What is the difference between if and ifelse in R?

if is a scalar control-flow statement: if (length(x) > 0) ... else .... ifelse is a vectorized function that works element-wise on logical vectors. Use if for code logic, ifelse for vector operations.

What is the difference between ifelse and dplyr if_else?

ifelse (base) is permissive about types and may strip Date / factor classes. dplyr::if_else() is strict: the yes, no, and missing must all be the same type. Use if_else for safer pipelines, ifelse for quick interactive work.

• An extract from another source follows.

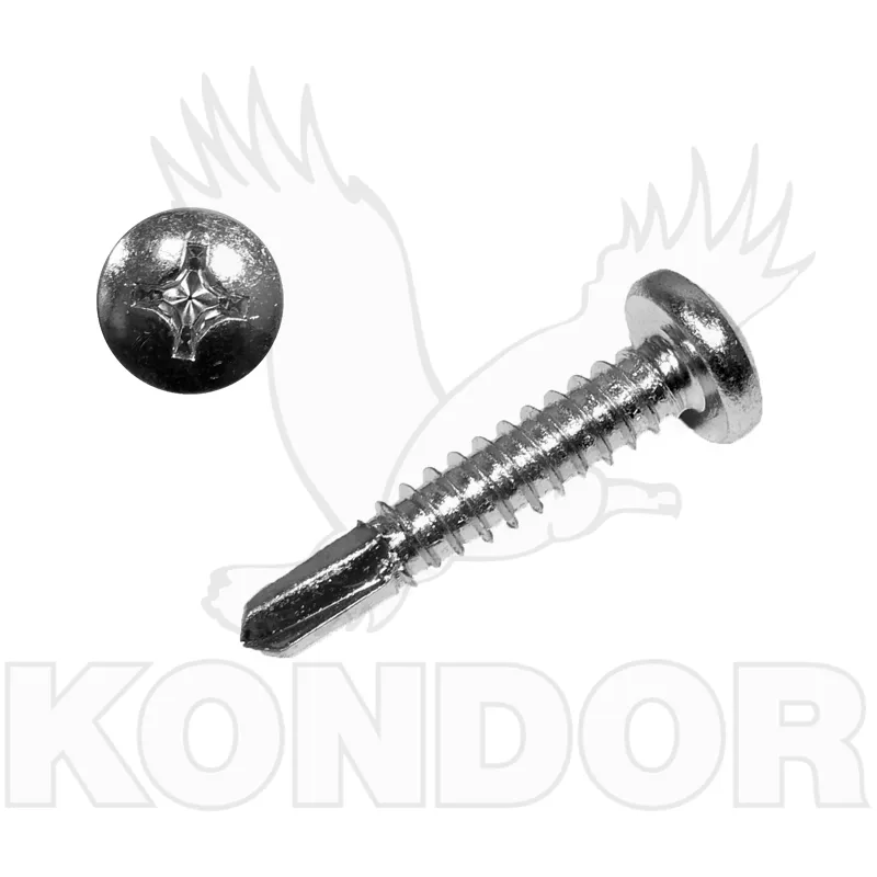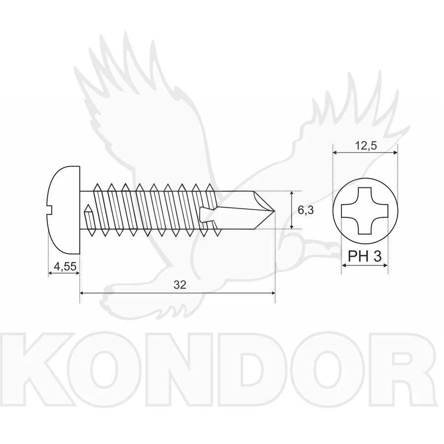 Samořezný šroub do plechu s TEX hrotem (vrtáčkem) pro snadné zavrtání a s půlkulatou hlavou. Materiál pozinkovaný. Rozměry 6,3 × 32 mm.

How do I write nested ifelse for multiple conditions?

ifelse(cond1, val1, ifelse(cond2, val2, val3)) works but quickly becomes unreadable. Use dplyr::case_when() instead for 3+ branches.

How do I replace NAs with ifelse?

ifelse(is.na(x), 0, x) replaces NAs with 0. Or use tidyr::replace_na(x, 0) / dplyr::coalesce(x, 0).

Why does ifelse change my Date column to a number?

ifelse strips attributes (class, factor levels). For Dates, POSIXct, factors, use dplyr::if_else() which preserves class, or convert with as.Date() after.